MoE replaces the single FFN layer with multiple "expert" FFN layers plus a router. For each token, the router selects top-k experts (typically 2 out of 8). Only those 2 experts process the token. Total parameters: huge (enables capacity). Active parameters per token: small (enables speed). Mixtral 8x22B has 176B total parameters but only 39B active per token — so it runs at 40B-model speeds with 176B-model quality. Challenge: load balancing (experts should be used equally), routing collapse, training instability.

13. What is the 'lost in the middle' problem? How do you mitigate it?
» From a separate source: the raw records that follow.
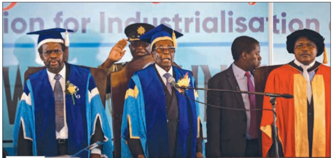
الرئيس موغابي خلال افتتاحه مراسم حفل تخريج طلاب جامعيين في العاصمة هراري امس

لمشاهدة الفيديو يمكن استخدام QR كود أو الـ
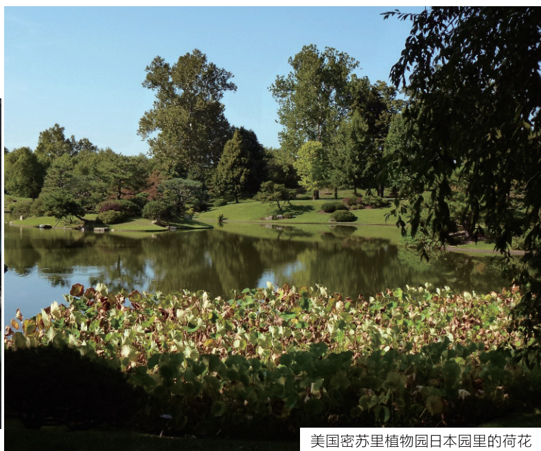
美国密苏里植物园日本园里的荷花
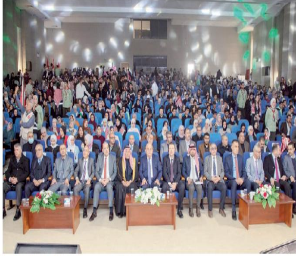
جانب من احتفال الجامعة الهاشمية بميلاد الملك وذكرى الكرامة

الحيارى: كرامة الأردن مصونة بدماء أبنائه وقلوب رجالها التي لا تعرف الهوان
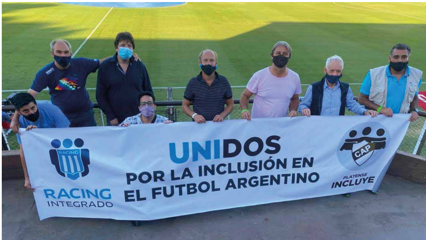
Campaña "Unidos por la inclusión en el fútbol argentino." ▲

estadios), Federación Metropolitana de Taekwondo, Ministro de Deportes de Chile y Jugadores de Inferiores de Racing Club.
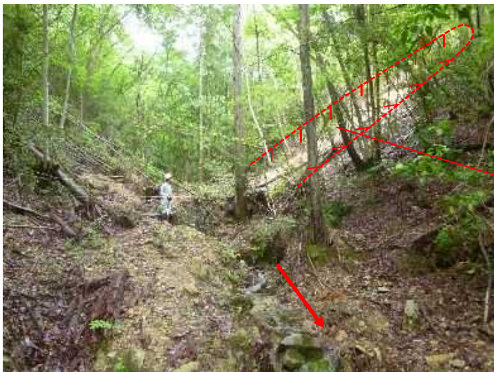
⑤溪流荒廃状況(土砂堆積状況)
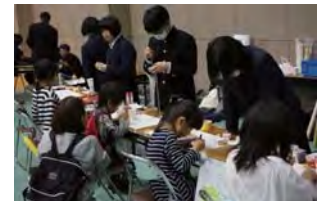
西脇工業高校の生徒による工作教室&ロボットショー
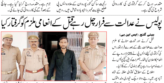
بغداد، پولیس نے عدالت سے سزا چاہی کہ قتل کے انعامی ملزم کو گرفتار کیا

پولیس نے عدالت سے سزا چاہی کہ قتل کے انعامی ملزم کو گرفتار کیا
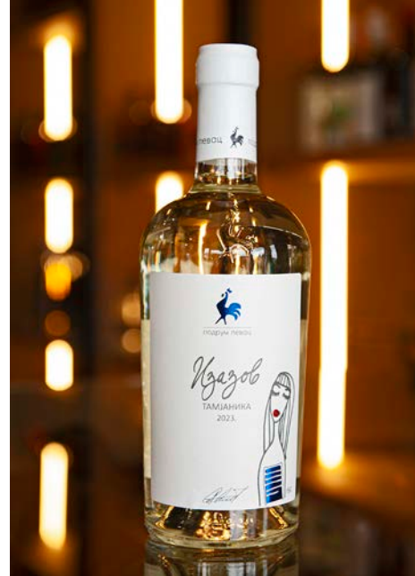
ザゾフ ZAZOV アルコール度数:12.0% vol. タミヤニカ種

華やかで生き生きとした香り、長く続く余韻。伝統と個性、そしてスピリットを象徴する1本です。
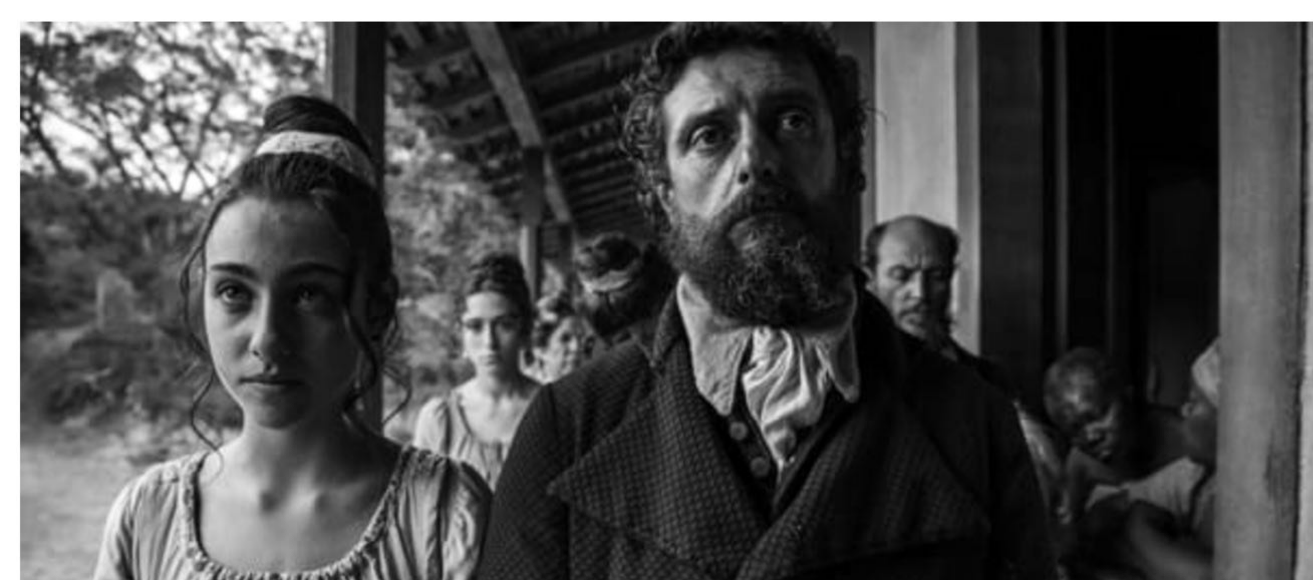
frame dal film "Vazante" in anteprima al Film Festival della Lessinia 23^ edizione

Un'anteprima italiana inaugura sabato 19 agosto la ventitreesima edizione del Film Festival della Lessinia. La rassegna cinematografica internazionale in programma a Bosco Chiesanuova fino al 27 agosto , alle 18, illumina il grande schermo del Teatro Vittoria su una storia ambientata nel 1821, in Brasile, tra le montagne della Diamantina. Si tratta di "Vazante" (Brasile, Portogallo 2017), presentato alla Berlinale e in Lessinia per la prima volta in Italia. È uno dei 56 film, provenienti da 31 Paesi, in cartellone quest'anno alla manifestazione veronese di cui è direttore artistico Alessandro Anderloni .
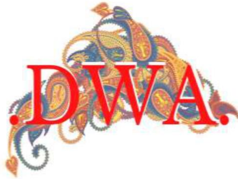
Figure 39. Logo Dwa Restaurant
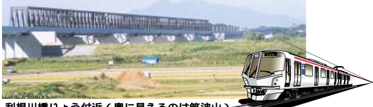
利根川橋りょう付近(奥に見えるのは筑波山)

二年後の平成17年秋に開業予定のつくばエクスプレス。東京・秋葉原・茨城・つくば間五八・三キロメートルでは開業に向けて現在着々と工事が進んでいます。沿線には二十の駅ができて、うち市内には二つの駅が誕生します。このたび、全駅の駅名が決定しましたので市内の工事の進捗よく状況と併せてお知らせします。 市内の駅名については、昨年12月に「柏市つくばエクスプレス新駅名検討委員会」での検討結果を受け、市が県を通じて鉄道の運営主体である首都圏新都市鉄道株式会社に報告していました。10月8日に、その報告とおり(仮称)柏北部中央駅が「柏の葉キャンパス」駅に、(仮称)柏北部東駅が「柏たなか」駅に決まりました(駅の位置などは別掲「市内には駅が誕生」参照)。そのほかの全駅名を含む路線図は別図「つくばエクスプレスの全路線図」とおりです。
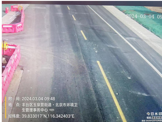
平翔路(路面有渣土遗撒)T09:52
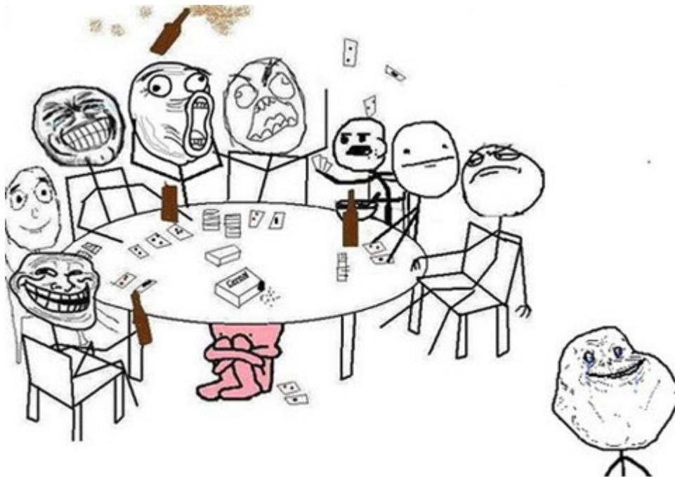
Figura 1. Rage comics , memes que individualmente son usados por los internautas.

Dieciocho años después del Dancing Baby —uno de los primeros memes cibernéticos en formato gif—, la comunidad de Internet 4chan [1] comenzó a producir conscientemente una serie de viñetas que desataron la creatividad de los participantes del foro. Su simpleza, que rememora a los garabatos infantiles, permite a su vez una fácil decodificación de su significado a modo de reproducción y reformulación.
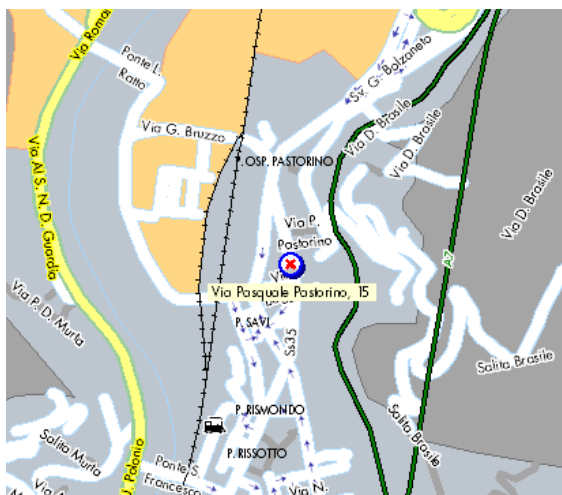
Siège de Bolzaneto qu'on peut atteindre par le train où les bus n. 7, 8, 63 et 270
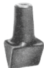
Typ 9 u. 10
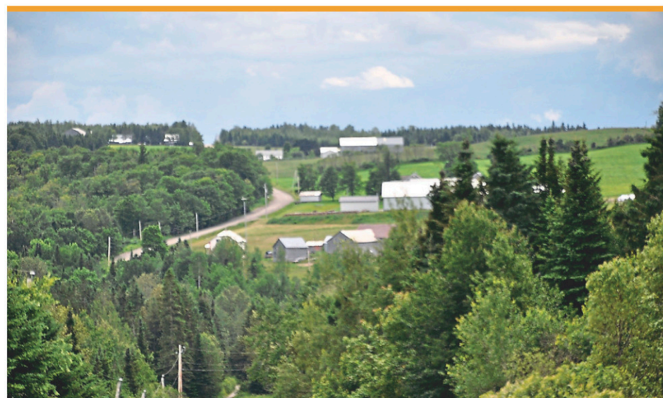
Le CRECA veut connaître vos préoccupations environnementales.

La ministre indique cependant que des mesures particulières pourraient être prises pour les établissements où la couverture vaccinale serait insuffisante.
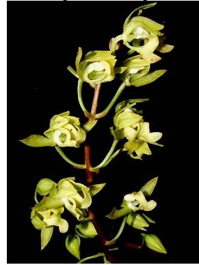
24 Mormodes revoluta
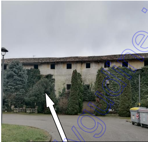
INGRESSO A 1 E 2 P TRAMITE PORTA POSTA A CIRCA 3 m. DAL SUOLO ACCESSIBILE CON SCALA AMOVIBILE
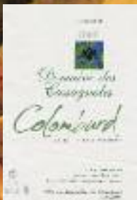
Stand 219 - GH 14 12**
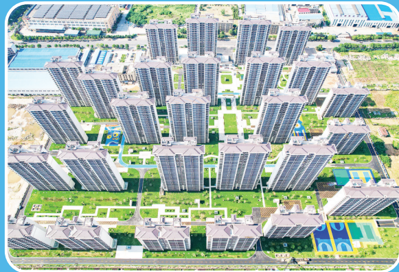
总建筑面积约38万平方米的安永人家四期保障房是九江市首个采用装配式钢管混凝土束组合结构的安置小区
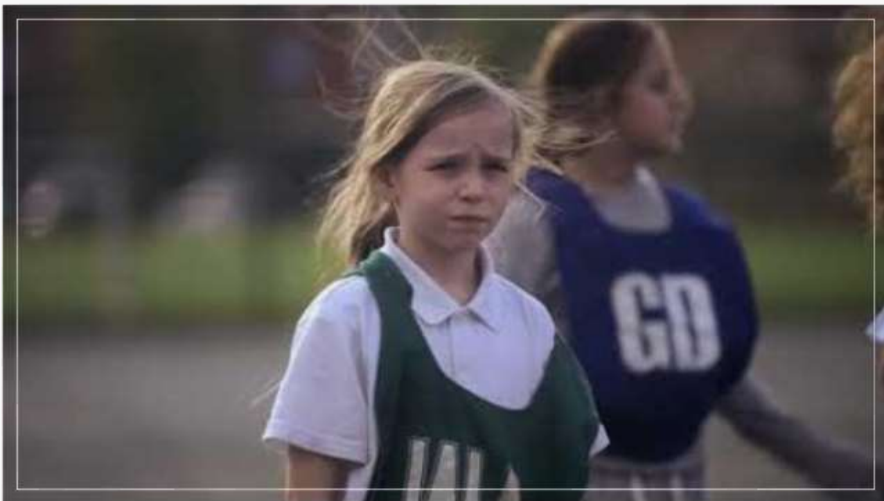
NSPCC, Say Something Tv ad (2017)
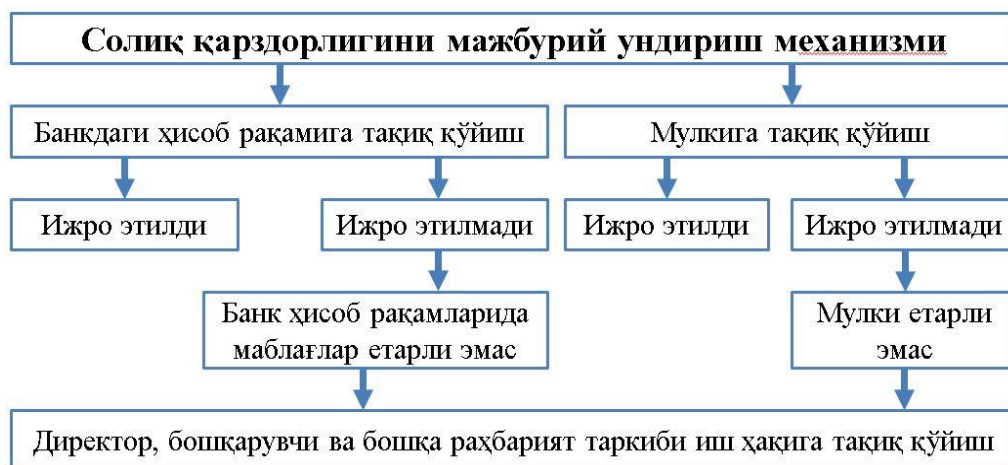
2-расм. АҚШда солиқ қарздорлигини мажбурий ундириш механизми [19]

АҚШда солиқ қарздорлигини мажбурий ундириш механизмининг самарали жиҳати шундаки, корхона ва ташкилотларнинг солиқ қарзлари охир оқибат, уларнинг директор, бошқарув ва бошқа раҳбарияти таркиби иш ҳақиға тақиқ қўйилишидадир.
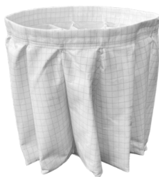
ANT M Antistatischer Filter (M Klasse EN 60335-2-69)
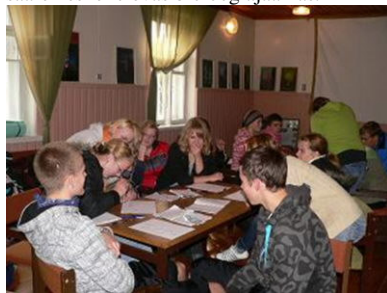
Katsed kaalumitraadiga pakkusid huvi

Laupäeva õhtul, kui tuul oli juba mõnusalt tõusnud, grillisime mere ääres head-paremat ning istusime seal päris pimedaski. Ööbisime saare keskel olevas bioloogiajaamas.
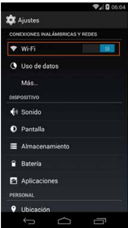
1 Activamos el wifi en el dispositivo Android.
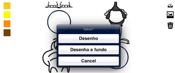
Figura 13: Confirmação da tarefa salvar através de botões

Tarefa 9 – ainda segundo informações da pedagoga, para as crianças dessa faixa etária a carta não faz parte de seu universo, já que estamos trabalhando com crianças da Geração Alfa, ou seja, nascidas em meio ao mundo digital, onde o envio de cartas pelo correio é cada vez mais escasso. Das seis crianças que participaram da avaliação, apenas duas reconheceram o ícone da carta como ferramenta de envio. Isso se deu devido ao conhecimento prévio da ferramenta de e-mail no ambiente familiar. Esta tarefa também exige a confirmação através dos botões desenho, desenho e fundo e cancel .
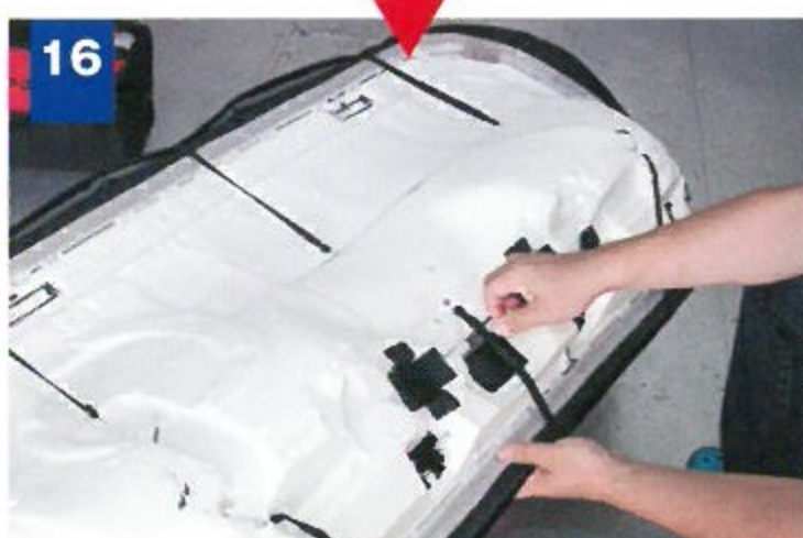
16 付属のS字フックを使い、全周を裏面に固定する。シートベルト穴は後回しだ。
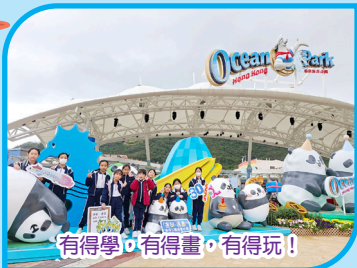
有得學 · 有得畫 · 有得玩！
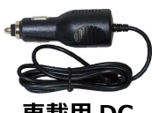
車載用 DC 12V 車・24V 車 兼用アダプター
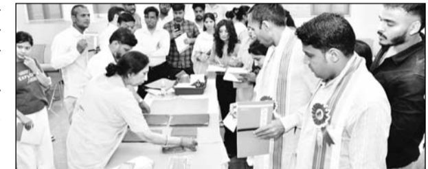
'पांडुलिपियों का निवारण एवं संरक्षण' विषय पर पांच दिवसीय कार्यशाला का आयोजन हुआ।

हरिद्वार में किया जा रहा है। इस मिशन का उद्देश्य भारत की विशाल एवं अप्रमूल्य पांडुलिपि विरासत का संरक्षण, दस्तावेजीकरण तथा डिजिटलीकरण करना है, ताकि यह प्राचीन ज्ञान-संपदा भावी पीढ़ियों के लिए सुरक्षित रह सके। कार्यशाला का आयोजन पांडुलिपि संरक्षण के प्रति जागरूकता उत्पन्न करने तथा संरक्षण एवं भंडारण
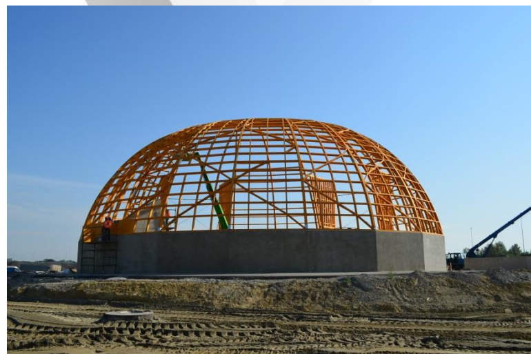
Magazyn soli Tarnów A4
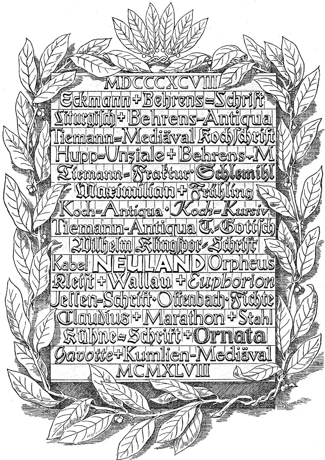
Abbildung aus: Festschrift – Karl Klingspor zum achtzigsten Geburtstag am 25. Juni 1948. Offenbach 1948
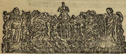
Blasón de Cataluña

SERVICIO TELEGRÁFICO Y TELEFÓNICO DEL DIARIO UNIVERSAL
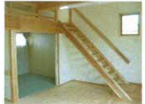
ロフトへの階段。壁に手すりを付けました。奥は4畳半の和室になっています。
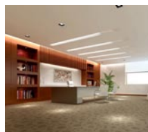
ICBC Development Center Beijing R&D Department 中国工商银行软件 开发中心北京研发部 (内装修)工程 [在施工程]
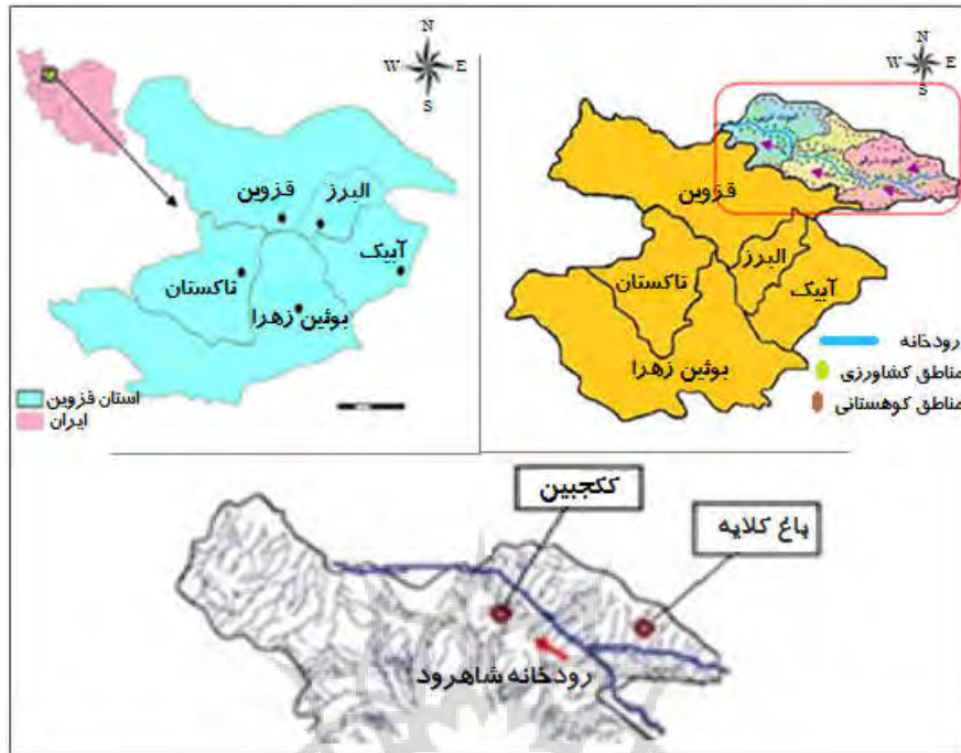
شکل ۱- موقعیت حوضه رودخانه شاهرود و ایستگاه‌های هواشناسی مورد مطالعه در آن.
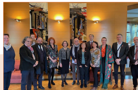
La délégation française en Ouzbékistan

Le Consortium a prévu une nouvelle mission en juin 2024 afin d'avancer sur ce projet qui pourrait démarrer dès octobre 2024.
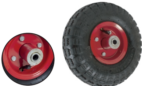
Rueda neumática 260mm
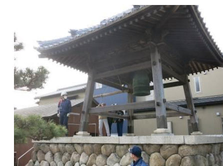
寺の鐘を打ち鳴らし周知する「早鐘」
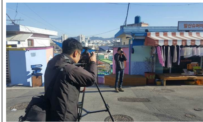
現地リサーチと撮影
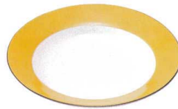
66346-026 1,260円 260266346 玉淵9吋スープ(235×42mm)
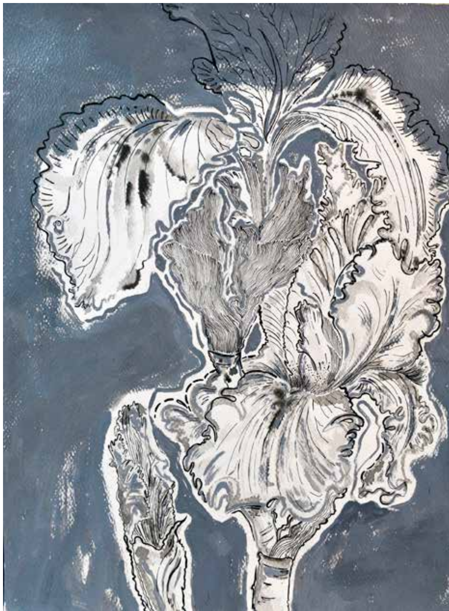
Untitled | 40 x 30 | Acrylic & Ink on Cardboard
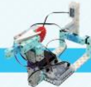
レベル4 紙飛行機発射ロボット
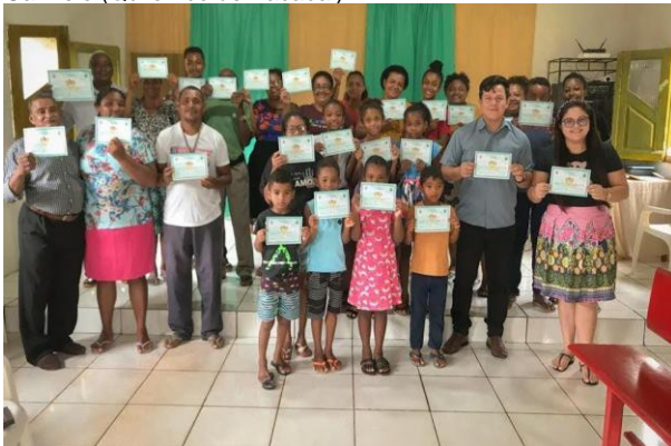
Figura 12 – Confraternização da EBD na congregação Monte Carmelo (Quilombo de Bacabal)
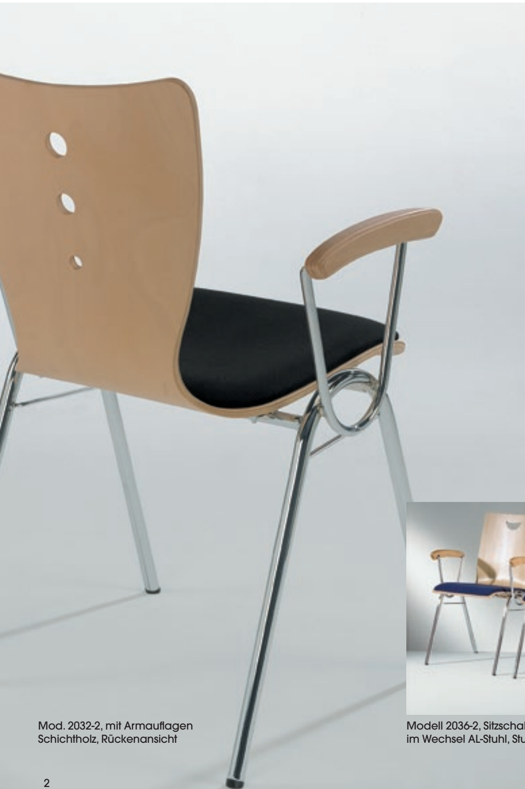
Mod. 2032-2, mit Armauflagen Schichtholz, Rückenansicht

Research shows LLMs attend most to the beginning and end of their context, with degraded retrieval of information placed in the middle. In 128K-token contexts, facts in the middle may be overlooked. Mitigations: (1) Place critical information at the start or end, (2) Use RAG to retrieve relevant chunks and place them prominently, (3) Structured prompts with clear section headings, (4) Recursive summarization of long documents, (5) Models trained specifically for long-context tasks (like Claude) show less degradation.

14. Compare RLHF and DPO. When would you choose each?

RLHF: Train a reward model on human preferences, then optimize LLM with PPO. Complex pipeline (4 models: reference, policy, reward, value). Unstable training. But: more flexible, reward model can be reused, handles complex preference landscapes. DPO: Directly optimize from preference pairs without a reward model. Treats the policy itself as an implicit reward model. Simpler (2 models: reference, policy). More stable. But: may overfit to preference data format, less flexible for online learning. Choose DPO for simplicity and stability. Choose RLHF when you need online feedback or complex reward signals.

15. You need to deploy a model for a production chatbot serving 1000 requests/minute. Walk through your architecture decisions.

First: open vs closed? If data privacy allows, start with Claude/GPT-4 API for fastest iteration. For self-hosting: choose model size (70B for quality, 7B for speed). Quantize with AWQ to 4-bit. Serve with vLLM (PagedAttention for efficient KV cache, continuous batching for throughput). Hardware: 2x A100 80GB for 70B-4bit with tensor parallelism. Add speculative decoding if latency-critical. Monitor: track tokens/second, time-to-first-token, error rates. Scaling: horizontal with load balancer, prefill and decode on separate pools. Fallbacks: secondary model for overload, graceful degradation. Cache common prompts/responses. Set request timeouts and implement streaming.